An exact, picture-free copy of the listing is required.

★ ★ ★

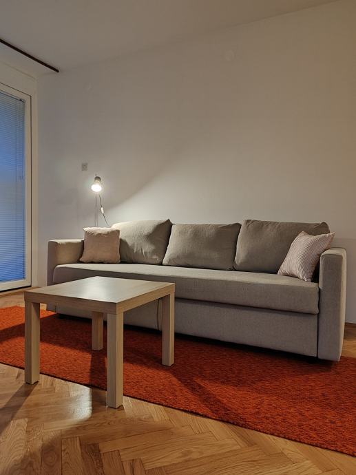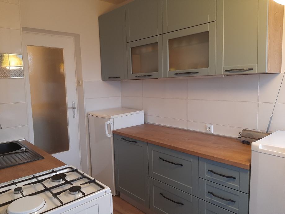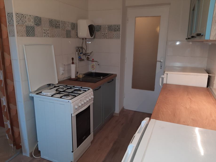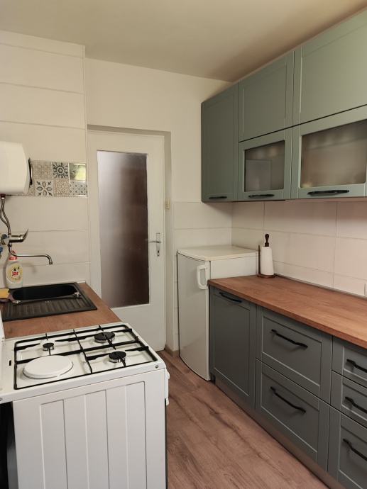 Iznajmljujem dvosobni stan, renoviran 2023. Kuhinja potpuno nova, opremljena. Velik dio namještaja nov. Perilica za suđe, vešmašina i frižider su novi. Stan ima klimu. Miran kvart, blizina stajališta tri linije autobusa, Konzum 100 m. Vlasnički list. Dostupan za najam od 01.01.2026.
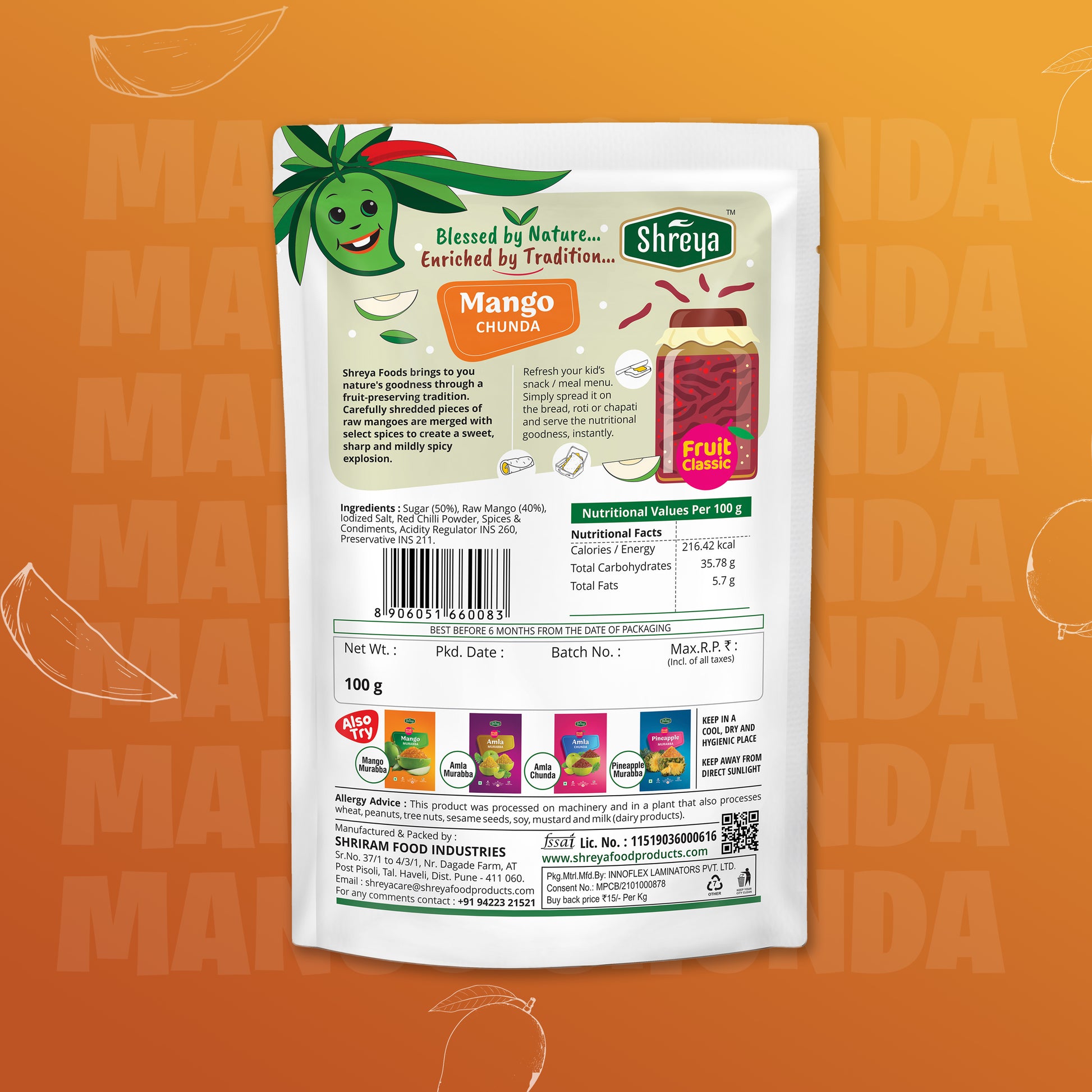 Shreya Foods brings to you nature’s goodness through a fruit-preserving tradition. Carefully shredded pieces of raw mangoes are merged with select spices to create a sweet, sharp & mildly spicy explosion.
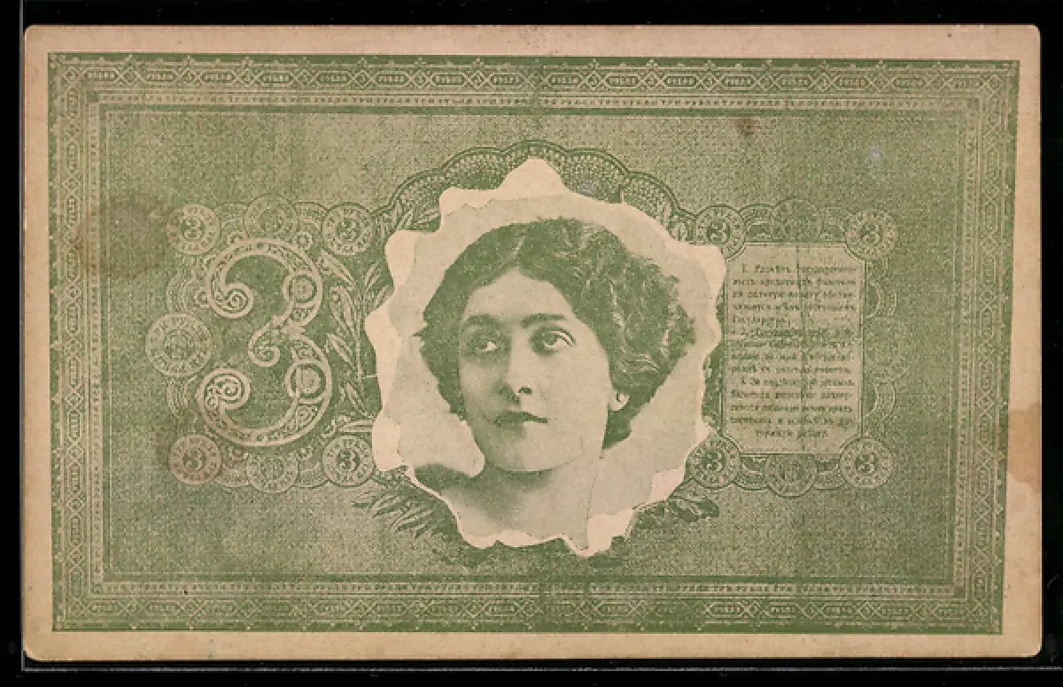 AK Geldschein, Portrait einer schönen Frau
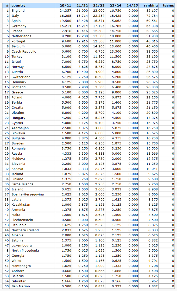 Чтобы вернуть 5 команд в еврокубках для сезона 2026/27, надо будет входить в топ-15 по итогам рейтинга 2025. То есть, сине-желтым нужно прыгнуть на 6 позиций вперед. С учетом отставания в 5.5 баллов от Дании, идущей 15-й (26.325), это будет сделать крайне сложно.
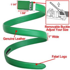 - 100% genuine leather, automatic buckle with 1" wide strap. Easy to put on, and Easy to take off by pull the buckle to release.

★ ★ ★

# Exercise result
 Iznajmljujem dvosobni stan, renoviran 2023. Kuhinja potpuno nova, opremljena. Velik dio namještaja nov. Perilica za suđe, vešmašina i frižider su novi. Stan ima klimu. Miran kvart, blizina stajališta tri linije autobusa, Konzum 100 m. Vlasnički list. Dostupan za najam od 01.01.2026.
 Shreya Foods brings to you nature’s goodness through a fruit-preserving tradition. Carefully shredded pieces of raw mangoes are merged with select spices to create a sweet, sharp & mildly spicy explosion.
 AK Geldschein, Portrait einer schönen Frau
 Чтобы вернуть 5 команд в еврокубках для сезона 2026/27, надо будет входить в топ-15 по итогам рейтинга 2025. То есть, сине-желтым нужно прыгнуть на 6 позиций вперед. С учетом отставания в 5.5 баллов от Дании, идущей 15-й (26.325), это будет сделать крайне сложно.
 - 100% genuine leather, automatic buckle with 1" wide strap. Easy to put on, and Easy to take off by pull the buckle to release.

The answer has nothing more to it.